Records excerpted from a collection:

>>>

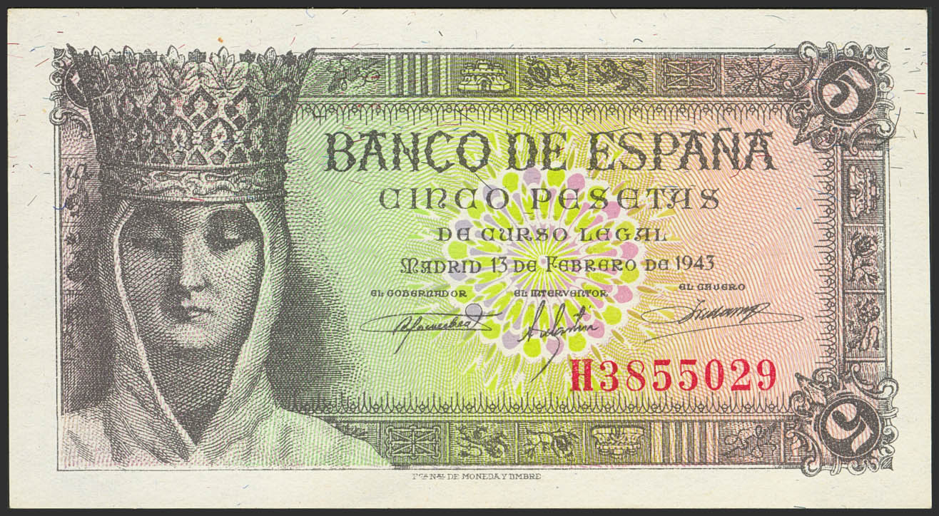 5 Pesetas. 13 de Febrero de 1943. Serie H. (Edifil 2023: 446a). Apresto original. SC-.
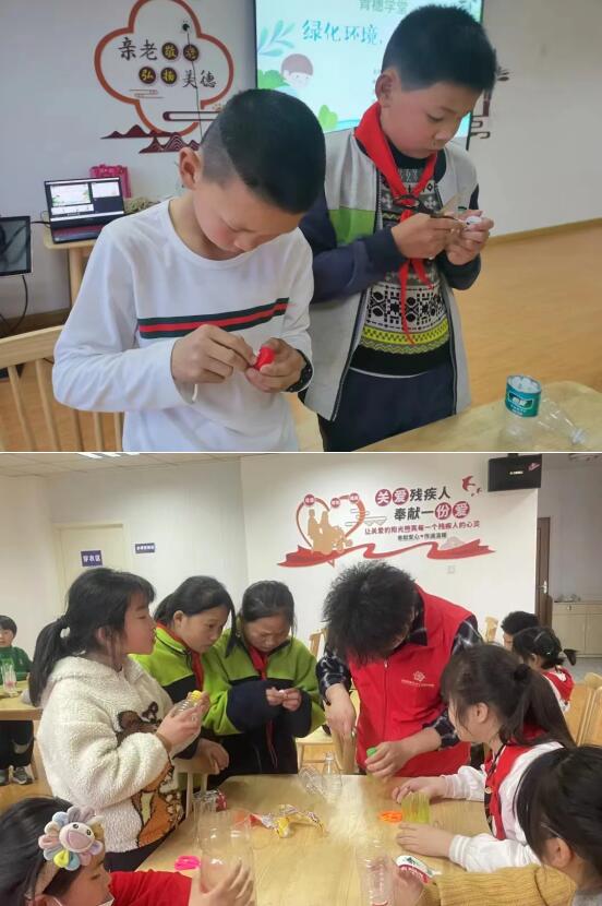 珍惜資源,保護資源,節(jié)約資源,人人有責。為了加深青少年們節(jié)約資源的意識,在老師的指導(dǎo)和帶領(lǐng)下,社區(qū)青少年們把撿拾回來的塑料瓶用剪刀剪成上下兩半,將瓶蓋處戳出小孔,倒著放進瓶子下半身,自制成一個個自吸水的花盆。有趣的制作過程讓青少年們對節(jié)約資源更加印象深刻,能夠帶動大家從現(xiàn)在做起,從我做起,從點點滴滴做起,珍惜地球賜予的一切自然資源,使家園年年春光燦爛。
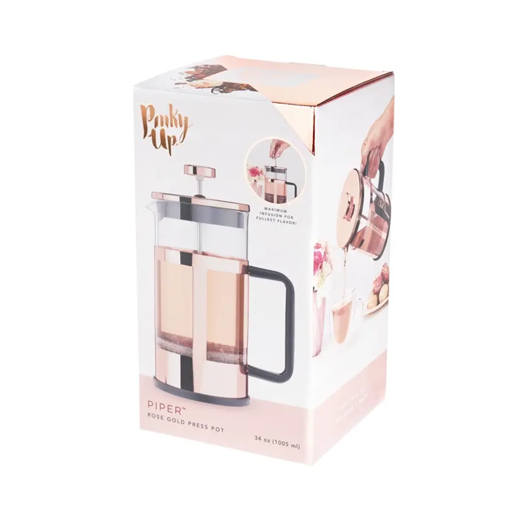French style and press! This 34 oz. gold french press has a gold-plated stainless steel frame to serve the hottest drinks while staying cool to the touch.
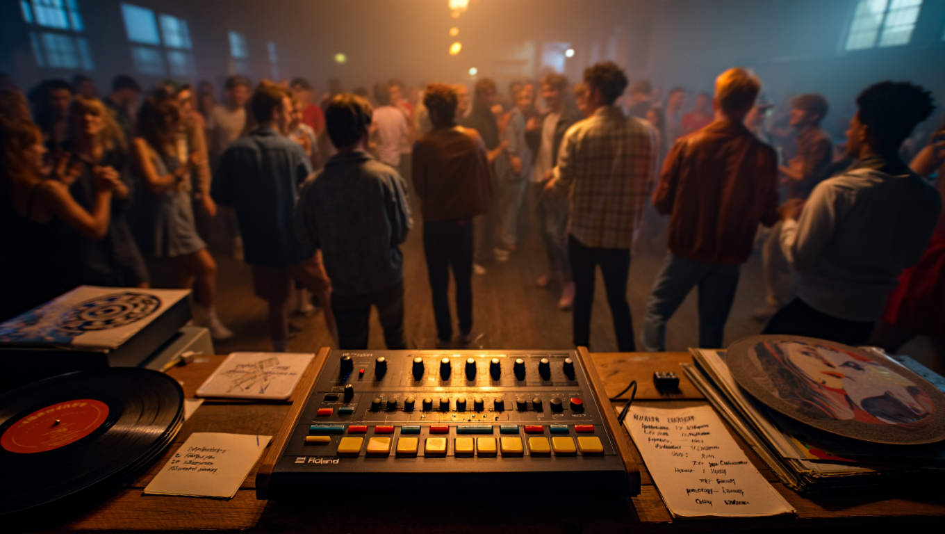 O Roland TR-808 Rhythm Composer, lançado em 1980, foi inicialmente considerado um fracasso comercial. Seus sons de bateria eram “artificiais” demais para os padrões da época – o kick drum profundo, o hi-hat metálico, o clap eletrônico. Mas para os pioneiros do house music, estas características se tornaram virtudes. O TR-808 permitia criar batidas constantes e hipnóticas que podiam ser programadas por horas, perfeitas para manter as pessoas dançando.
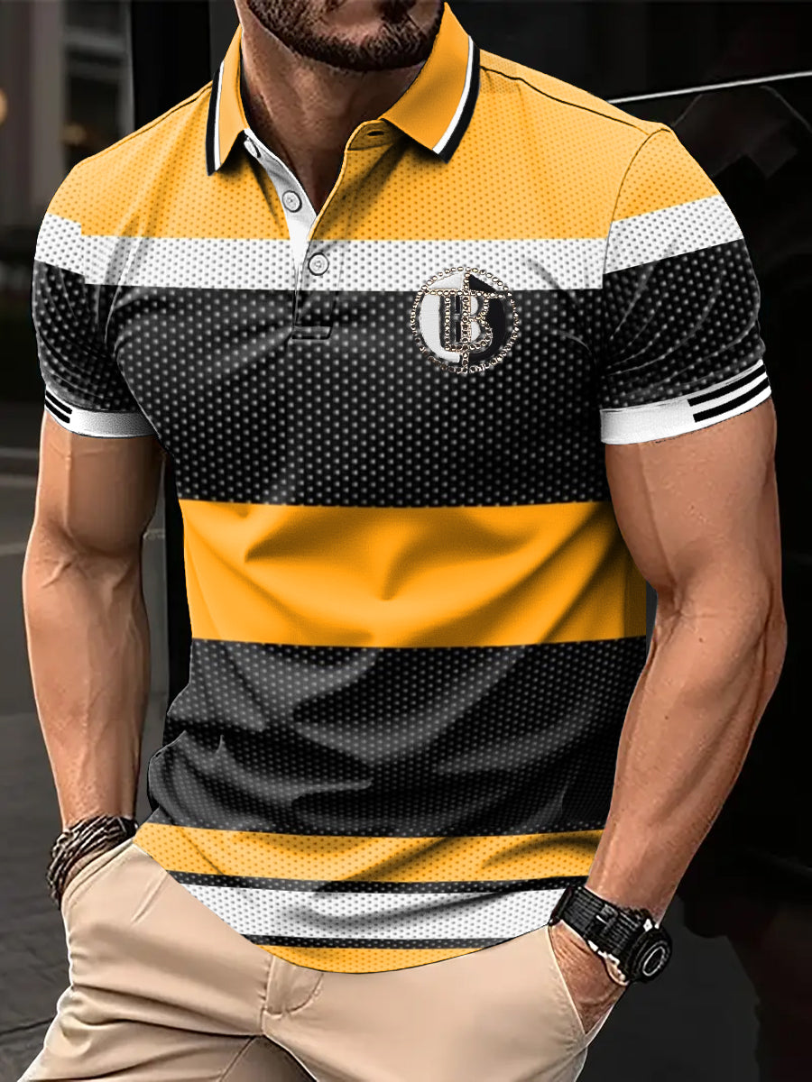 Férfi retro többszínű csík művészeti nyomtatás alkalmi üzleti póló

<<<

Repeat verbatim the lines between the start of the data and the line containing "O Roland TR-808", both ends included, omitting all pictures.

(Result of this exercise):
 5 Pesetas. 13 de Febrero de 1943. Serie H. (Edifil 2023: 446a). Apresto original. SC-.
 珍惜資源,保護資源,節(jié)約資源,人人有責。為了加深青少年們節(jié)約資源的意識,在老師的指導(dǎo)和帶領(lǐng)下,社區(qū)青少年們把撿拾回來的塑料瓶用剪刀剪成上下兩半,將瓶蓋處戳出小孔,倒著放進瓶子下半身,自制成一個個自吸水的花盆。有趣的制作過程讓青少年們對節(jié)約資源更加印象深刻,能夠帶動大家從現(xiàn)在做起,從我做起,從點點滴滴做起,珍惜地球賜予的一切自然資源,使家園年年春光燦爛。
French style and press! This 34 oz. gold french press has a gold-plated stainless steel frame to serve the hottest drinks while staying cool to the touch.
 O Roland TR-808 Rhythm Composer, lançado em 1980, foi inicialmente considerado um fracasso comercial. Seus sons de bateria eram “artificiais” demais para os padrões da época – o kick drum profundo, o hi-hat metálico, o clap eletrônico. Mas para os pioneiros do house music, estas características se tornaram virtudes. O TR-808 permitia criar batidas constantes e hipnóticas que podiam ser programadas por horas, perfeitas para manter as pessoas dançando.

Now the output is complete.